Earth – Print/digital applications
Clouds – Analogue data
Land – IT and infrastructure
Sea – Hard data
Attention was given to: The Resource Discovery Network (RDS), user interfaces (OPAC), the relevance of link resolvers and the Integrated Library System (ILS, LMS) and how the latter acts as a cloud system, before handing over to one of the BL UK Web Archive librarians.
The UK Web Archive – Building the resource: http://britishlibrary.typepad.co.uk/webarchive/

The British Library web archive is an Open UK web archive, that’s been running since 2004 and accommodates more than 15,000 sites. It consists of selected content of cultural significance, covering subjects such as: UK Politics – the 4th Plinth project – and the Olympic Games logo etc. for example. Its Contributors include:

British Library
Joint Information Systems Committee
National Archives (UK)
National Library of Wales
National Library of Scotland
Wellcome Library.

It also contains a Legal deposit web archive, and contributes to The Internet Archive, i.e. The Way Back machine, which was founded in 1996 in San Francisco by Brewster Kahle, a digital librarian from MIT. https://archive.org/

Affiliated networks and platforms include:
The International Internet Preservation Consortium “a global network of experts archiving the Web for future generations” to which the BL contributes. http://www.netpreserve.org/

And the …
Digital Preservation Coalition (DPC)
The DPC is a non-profit that acts as a consortium currently supporting the preservation of UK and International digital knowledge and memory, i.e.
-Digital Preservation
-Object Identifiers
-Digital preservation Europe http://www.dpconline.org/
Essentially a national coalition, the Digital Preservation Coalition has support from numerous UK Institutions including Oxford and Cambridge Universities, the Bank of England, a number of national libraries and the United Nations secretariat; including allied member organisations in Australia, Holland and Germany for example. It covers:
• Digital Preservation
• Digital curation
• Digital object identifying
• Conservation and restoration
• Digital preservation Europe
A digital object identifier (DOI) is a unique alphanumeric string assigned by a registration agency (the International DOI Foundation for example) to identify content and provide a persistent link to its location on the Internet. The publisher assigns a DOI when an article is published and made available electronically.

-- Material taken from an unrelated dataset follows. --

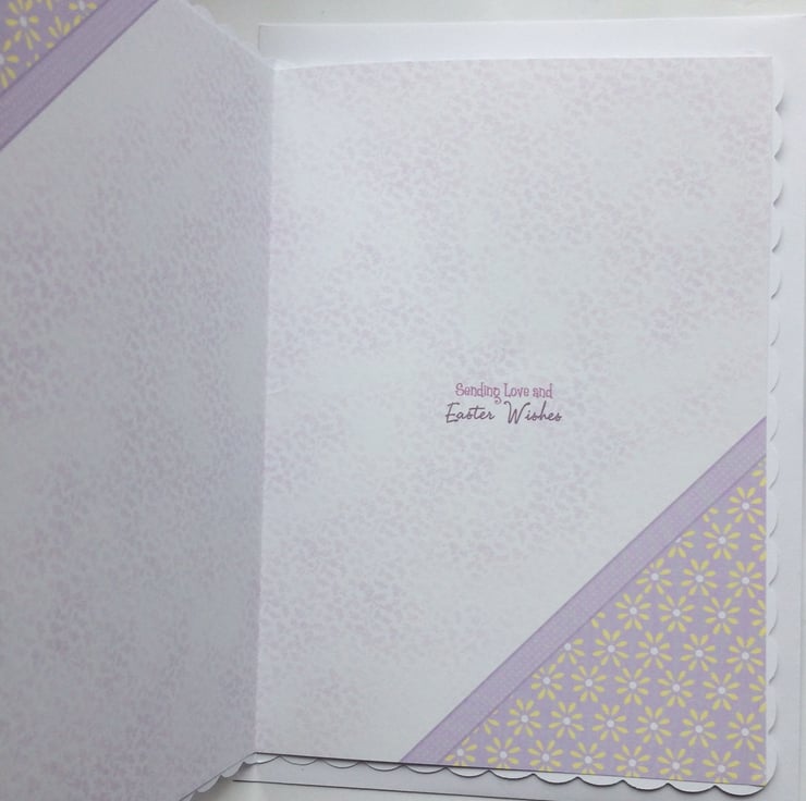 The card has a luxury full colour insert on the inside that matches the design on the front. The sentiment on the inside says "Sending Love and Easter Wishes" and there is plenty of room for you to write your own special message.

See also JIBS https://www.jibs.ac.uk/role.html
The talk then looked at Web Archives as a library collection, collating and using statistics, arguing for more, getting a return on investment, and the successful acquisition of eBooks and Journals. It was acknowledged that search engines and rights management etc., take up the majority of the time, with an emphasis placed on Inter-operability, authentication and compatibility.
The building of E-Collections
Web Archives – E-Books – E-Journals
Terms of reference:
DOI Digital object identifier
EDL Event Driven Language
EBRA Evidence Based Resource Acquisitions
MHTML Multipurpose Internet Mail Extensions (MIME) a programme used for incorporating other formats e.g. Java, opera, Internet Explorer, email etc. into basic html documents for digital-archives

MHTML Rendering Is a webpage archive format which “Renders a report in MHTML; requires a work flow management system” e.g. www.telerik.com

MM data info – repository – could relate to:
MediaMonkey a digital media player and media library application
Memory Manager Software for memory management in the kernel of the operating system

The main considerations for search engines are:
-Interoperability – authentication, provenance
-Subscriptions and rights to access
-Sustainability – compatibility, preservation
-User base – and how it might change
-Strategic provision

Benefits include:
-Making access easier and more economical
-Aiding service provision – short and long term

The British Library has two main digital archives:

The Legal deposit archive

And …

The Open UK web archive

There are three main sections …

1) Legal Deposit:
The introduction of the non-print legal deposit regulations in 2013 allows for the archiving of all UK domain named sites. The legal deposit contains millions of webpages obtained through annual archiving of all UK domain names. It tends not to archive film and A/V, and excludes sites considered private including intranets and email. It has seen a phenomenal growth in content over a short period of time, e.g. the 2013 domain crawl produced 3.8 million seeds, compared with the 20 million seeds produced in 2014. Focused crawls centre on topics such as NHS reforms, WW1, the General Election and the Magna Carta for example. It can only be accessed on reading room computers or on premises controlled by the BL. It also represents the National Libraries of Scotland and Wales, and the libraries of the Universities of Oxford and Cambridge, as well as the BL.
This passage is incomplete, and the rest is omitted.